Hacker News new | ask | show | jobs
by breuleux 3017 days ago
On the other hand, even if evolutionary algorithms require a lot of samples, they are embarrassingly parallel: you can easily try all samples simultaneously. If you have enough resources to throw at the problem, it can be faster (although more resource-intensive) to estimate the gradient this way than to compute an accurate gradient analytically.
1 comments

SGD is embarrassingly parallel as well. You can train a net on several different examples simultaneously and combine the gradients or learned weights.

The reason it's not done so much is because the bandwidth of moving huge numbers of gradients or weights between computers is pretty significant. There's been all sorts of research into compressing them or reducing the precision. However this is a problem for evolutionary algorithms as well.

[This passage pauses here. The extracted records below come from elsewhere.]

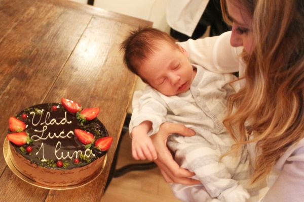 "Vlad a implinit 1 luna. Am sarbatorit evenimentul, fireste, in cadru restrans, alaturi doar de familie si nasi. Creste de la o zi la alta si, in acelasi ritm ametitor, ma face sa-l iubesc tot mai mult. La mini petrecerea lui a dormit continuu. Nici cand am adus tortul nu a vrut sa se trezeasca. S-a uitat cu coada ochiului la noi pentru o secunda, ne-a vazut pe toti agitati in jurul lui, si s-a culcat la loc. Abia cand au plecat toti invitatii a facut ochisori si ne-am reluat ritualul de seara. Asa ca, inca cu el in brate, va spun voua “Noapte Buna”, iar pe el il mai pup o data spunandu-i “La Multi Ani, minune mica!”. Esti tare iubit, sa stii!", a scris Dana Rogoz pe blog, unde a publicat mai mute fotografii de la eveniment.
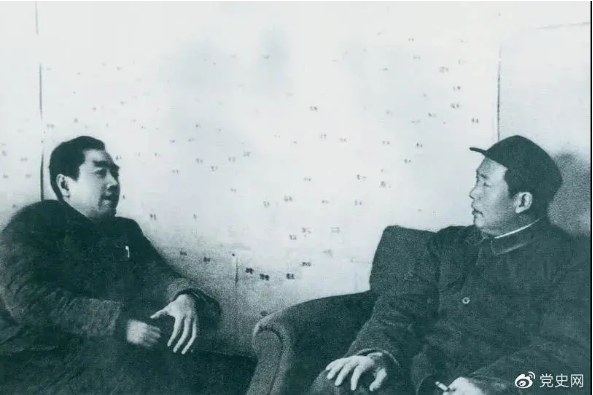 图为毛泽东和周恩来在河北西柏坡。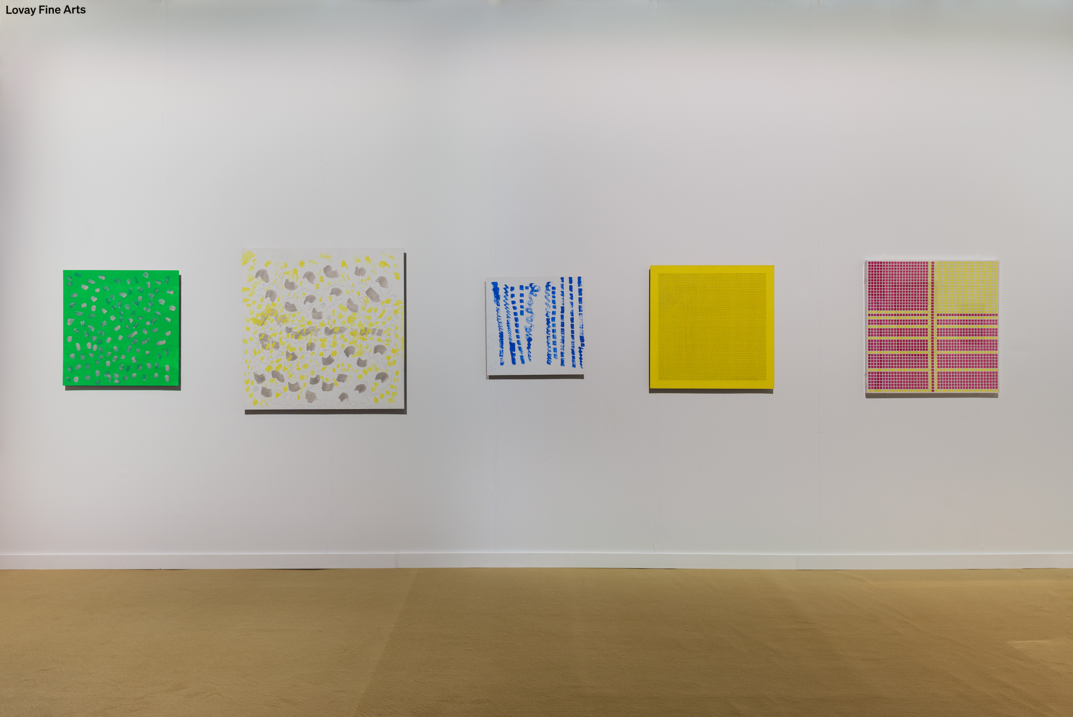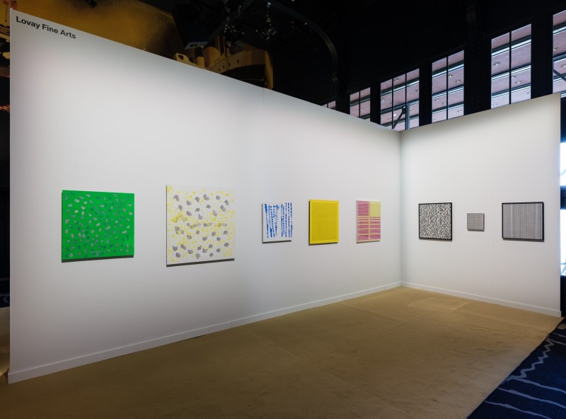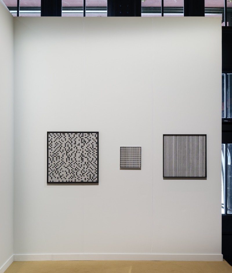 Di Luciano, together with her late husband Giovanni Pizzo (1934–2022), was a pivotal figure in the Arte Programmata movement in the early 1960s (3 works shown on the booth). Emerging in the postwar era, the movement emphasized geometric abstraction as a universal visual language capable of transcending cultural and geographic boundaries. In Italy, the artists of Arte Programmata based their compositions on rules, programmed systems, or serial sequences, deliberately delegating authorship in order to challenge the traditional notion of the artist and explore art as a process. They collaborated with musicians, in particular with composer Pietro Grossi, a pioneer in computer-generated music. Di Luciano and Pizzo also initiated several collectives of artists in Rome, most notably Gruppo 63 and Operativo R.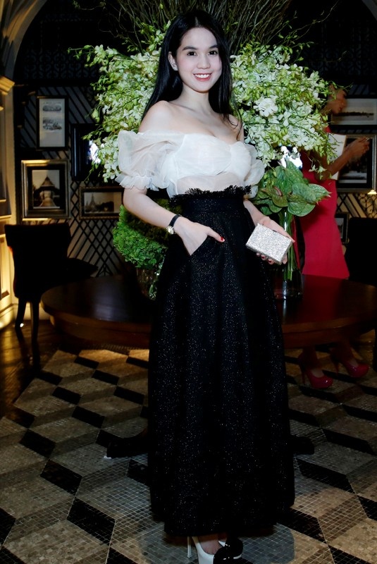 | Áo voan trễ vai và đầm maxi là lựa chọn hết sức duyên dáng của Ngọc Trinh với 2 tông màu cơ bản. |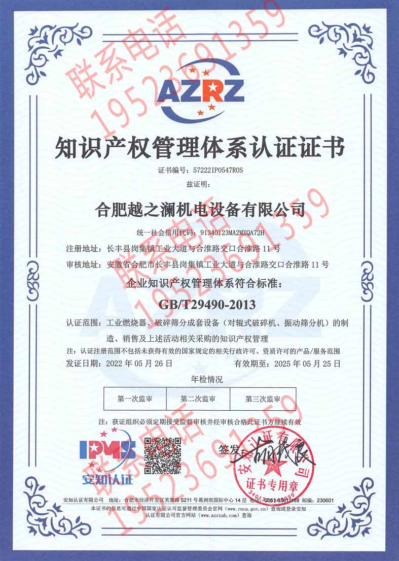 恭喜合肥越之瀾機械設(shè)備有限公司獲得知識產(chǎn)權(quán)認證證書

Not exactly. The required bandwidth for the evolutionary strategy is actually very small: if every node knows each other's random seed, they can reconstruct the best model themselves, using the seed of whichever node declares the best result. There is no need to transfer any weights. Of course, this trick only works if it's cheap to compute the weights other nodes are using, which is not the case for SGD. So evolutionary strategies have an advantage here, even if it's not a decisive one.
Well that would work for simple hillclimbing. In a full genetic algorithm, every member of the population is the product of thousands of previous individuals.
I mean, we were talking about simple hill climbing.

Still, even more complex systems still do not require particularly high bandwidth. You only need to broadcast the fitness of the individuals, and from there each node can independently recalculate and combine the best ones.